Your goal
Repeat nothing but the lines below running from the one containing "Поворотное автоматическое самовтягивающееся" to the one containing "2.1.1 如需将本地提权告警事件加入白名单,可在告警信息列表的右侧操作栏,单击处理 >". Keep both end lines.

Extracted material
========
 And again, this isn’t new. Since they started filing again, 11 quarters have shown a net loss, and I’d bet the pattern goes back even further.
========
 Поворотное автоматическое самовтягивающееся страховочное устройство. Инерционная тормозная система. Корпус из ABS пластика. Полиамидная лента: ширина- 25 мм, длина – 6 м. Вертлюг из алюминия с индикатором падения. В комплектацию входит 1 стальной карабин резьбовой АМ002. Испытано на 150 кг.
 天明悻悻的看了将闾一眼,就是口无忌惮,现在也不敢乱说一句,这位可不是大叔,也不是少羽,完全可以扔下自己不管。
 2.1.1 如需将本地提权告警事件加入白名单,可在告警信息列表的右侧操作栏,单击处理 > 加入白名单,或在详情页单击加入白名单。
========
Output below
 Поворотное автоматическое самовтягивающееся страховочное устройство. Инерционная тормозная система. Корпус из ABS пластика. Полиамидная лента: ширина- 25 мм, длина – 6 м. Вертлюг из алюминия с индикатором падения. В комплектацию входит 1 стальной карабин резьбовой АМ002. Испытано на 150 кг.
 天明悻悻的看了将闾一眼,就是口无忌惮,现在也不敢乱说一句,这位可不是大叔,也不是少羽,完全可以扔下自己不管。
 2.1.1 如需将本地提权告警事件加入白名单,可在告警信息列表的右侧操作栏,单击处理 > 加入白名单,或在详情页单击加入白名单。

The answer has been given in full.